↓

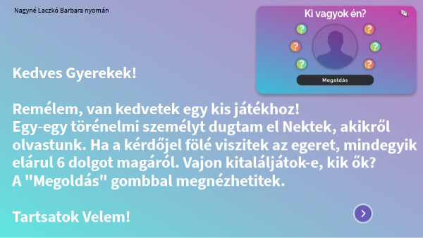 Kedves Gyerekek! Remélem, van kedvetek egy kis játékhoz! Egy-egy törénelmi személyt dugtam el Nektek, akikről olvastunk. Ha a kérdőjel fölé viszitek az egeret, mindegyik elárul 6 dolgot magáról. Vajon kitaláljátok-e, kik ők? A "Megoldás" gombbal megnézhetitek. Tartsatok Velem!
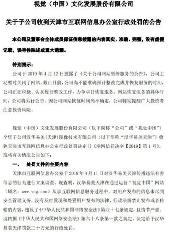 当年4 月 18 日,对视觉中国的处罚决定出炉,天津市网信办对网站运营主体汉华易美(天津)图像技术有限公司(下称汉华易美)作出从重罚款的处罚。当天盘后,视觉中国发布公告称行政处罚金额为30万元。至此,此事才算平息。
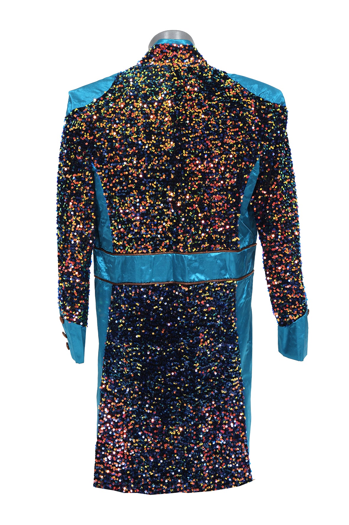 Een mooie carnavalsjas met gekleurde accenten. De jas is op de schouders afgewerkt met prachtige details.
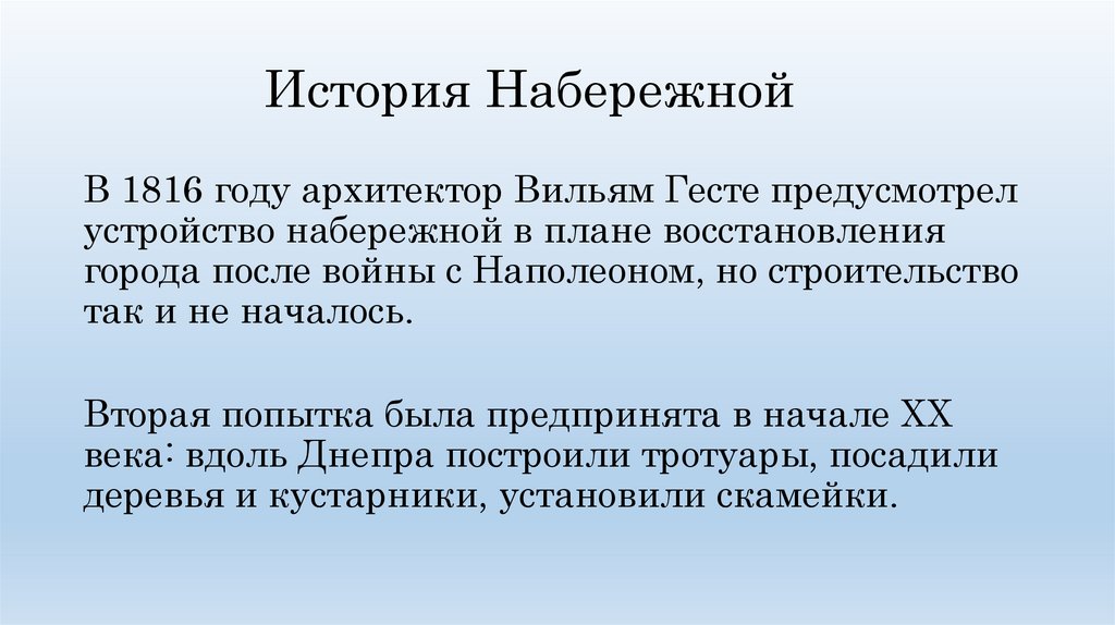 История НабережнойВ 1816 году архитектор Вильям Гесте предусмотрел
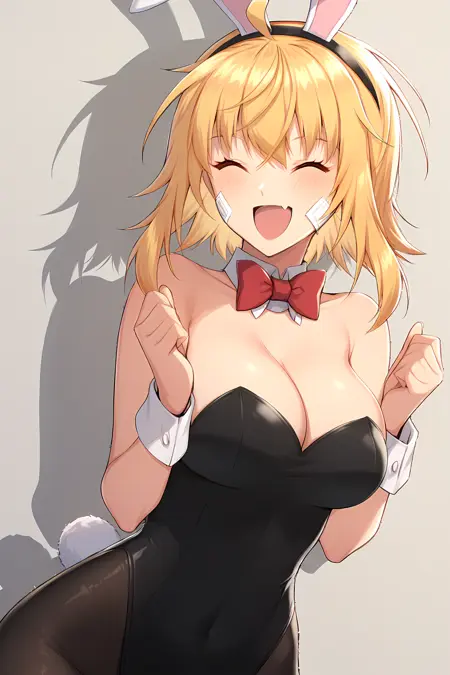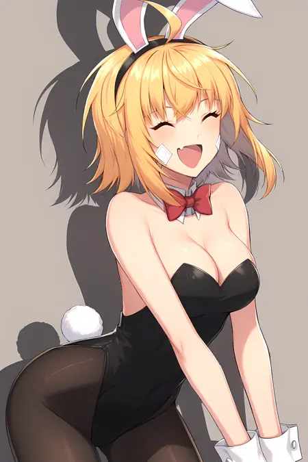 エイミー・ストリックランドのバニーガール衣装は "amy_strickland, 1girl, playboy bunny, rabbit ears, animal ears, blonde hair, solo, pantyhose, bow, detached collar, blue eyes, rabbit tail, fake animal ears, tail, black leotard, red bow, leotard, bowtie, wrist cuffs, cleavage, " です。

↑

The task >>
For this answer, return word for word the lines from the first line of the records through the line containing "Een mooie carnavalsjas". Omit the pictures.

Written response >>
 Kedves Gyerekek! Remélem, van kedvetek egy kis játékhoz! Egy-egy törénelmi személyt dugtam el Nektek, akikről olvastunk. Ha a kérdőjel fölé viszitek az egeret, mindegyik elárul 6 dolgot magáról. Vajon kitaláljátok-e, kik ők? A "Megoldás" gombbal megnézhetitek. Tartsatok Velem!
 当年4 月 18 日,对视觉中国的处罚决定出炉,天津市网信办对网站运营主体汉华易美(天津)图像技术有限公司(下称汉华易美)作出从重罚款的处罚。当天盘后,视觉中国发布公告称行政处罚金额为30万元。至此,此事才算平息。
 Een mooie carnavalsjas met gekleurde accenten. De jas is op de schouders afgewerkt met prachtige details.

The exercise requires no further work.